Everything from the line with "Through the spontaneous" through the last line of the data below should be copied exactly, apart from the pictures.
*** Opening THE DATA ***
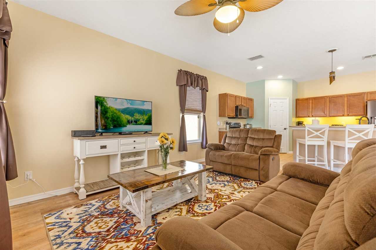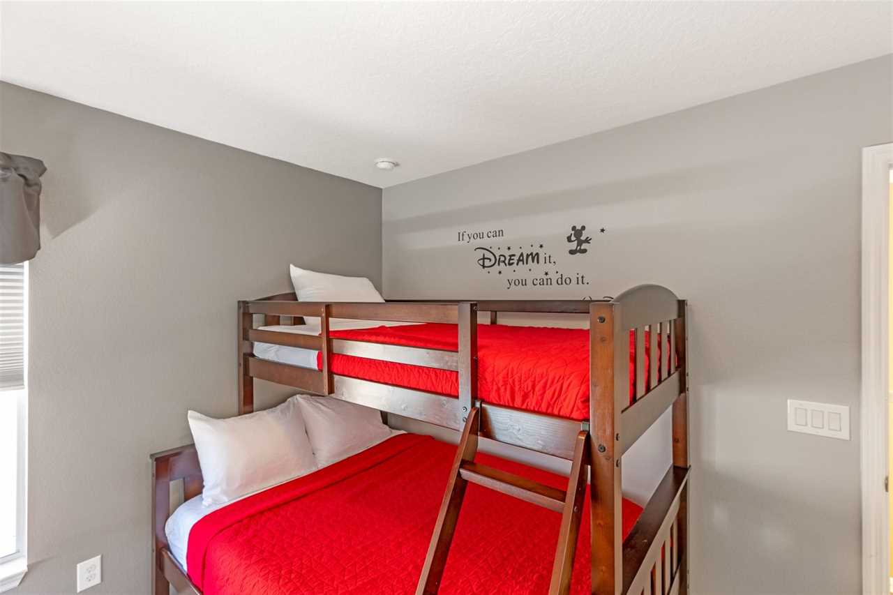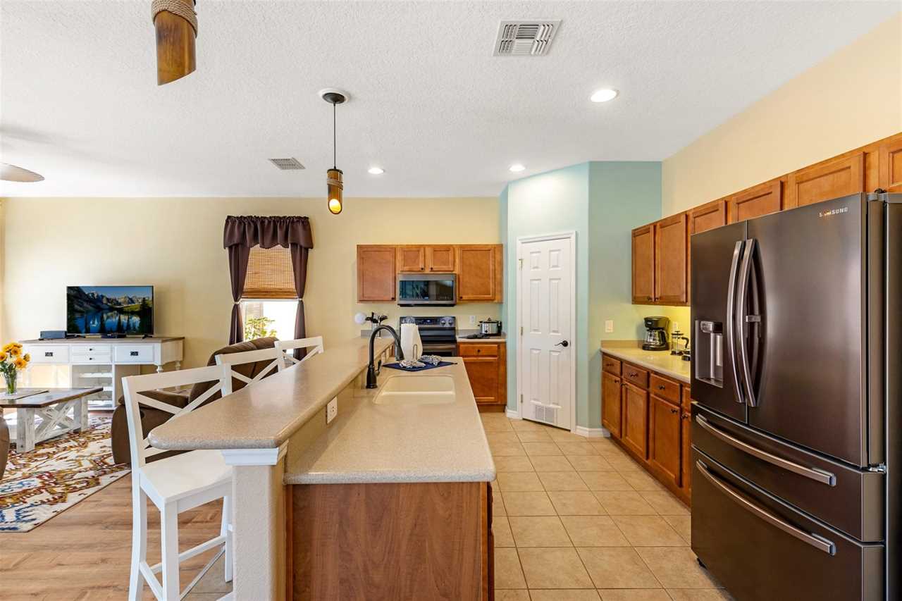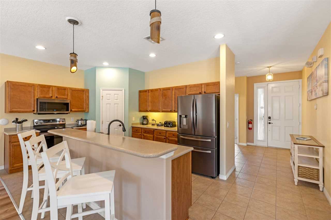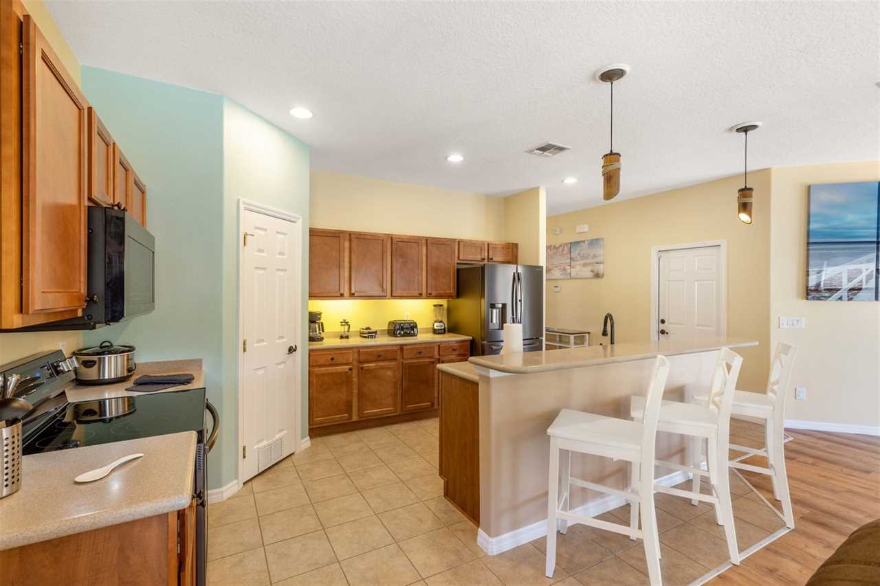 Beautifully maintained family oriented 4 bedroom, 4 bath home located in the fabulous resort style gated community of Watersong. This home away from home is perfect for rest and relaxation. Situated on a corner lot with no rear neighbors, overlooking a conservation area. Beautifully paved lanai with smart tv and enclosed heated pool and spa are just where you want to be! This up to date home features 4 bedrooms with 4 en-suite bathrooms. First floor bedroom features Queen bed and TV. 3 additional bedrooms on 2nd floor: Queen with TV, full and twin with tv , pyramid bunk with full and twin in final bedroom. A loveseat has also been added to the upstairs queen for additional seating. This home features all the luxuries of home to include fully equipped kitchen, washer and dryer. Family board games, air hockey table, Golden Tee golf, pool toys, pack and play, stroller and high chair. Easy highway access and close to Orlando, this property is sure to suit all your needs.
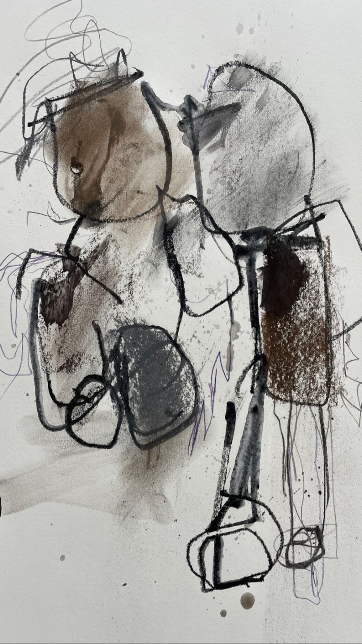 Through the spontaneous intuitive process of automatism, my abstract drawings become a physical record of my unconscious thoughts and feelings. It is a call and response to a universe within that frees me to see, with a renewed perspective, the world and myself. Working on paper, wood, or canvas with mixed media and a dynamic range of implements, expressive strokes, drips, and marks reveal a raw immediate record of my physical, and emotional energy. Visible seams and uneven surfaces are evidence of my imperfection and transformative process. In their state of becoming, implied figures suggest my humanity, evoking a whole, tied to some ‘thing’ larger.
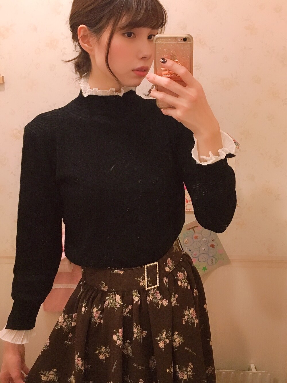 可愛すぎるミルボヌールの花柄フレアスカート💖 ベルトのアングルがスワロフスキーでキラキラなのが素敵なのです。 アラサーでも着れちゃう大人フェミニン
*** Closing THE DATA ***
§ **RESPONSE TO THIS TASK**
 Through the spontaneous intuitive process of automatism, my abstract drawings become a physical record of my unconscious thoughts and feelings. It is a call and response to a universe within that frees me to see, with a renewed perspective, the world and myself. Working on paper, wood, or canvas with mixed media and a dynamic range of implements, expressive strokes, drips, and marks reveal a raw immediate record of my physical, and emotional energy. Visible seams and uneven surfaces are evidence of my imperfection and transformative process. In their state of becoming, implied figures suggest my humanity, evoking a whole, tied to some ‘thing’ larger.
 可愛すぎるミルボヌールの花柄フレアスカート💖 ベルトのアングルがスワロフスキーでキラキラなのが素敵なのです。 アラサーでも着れちゃう大人フェミニン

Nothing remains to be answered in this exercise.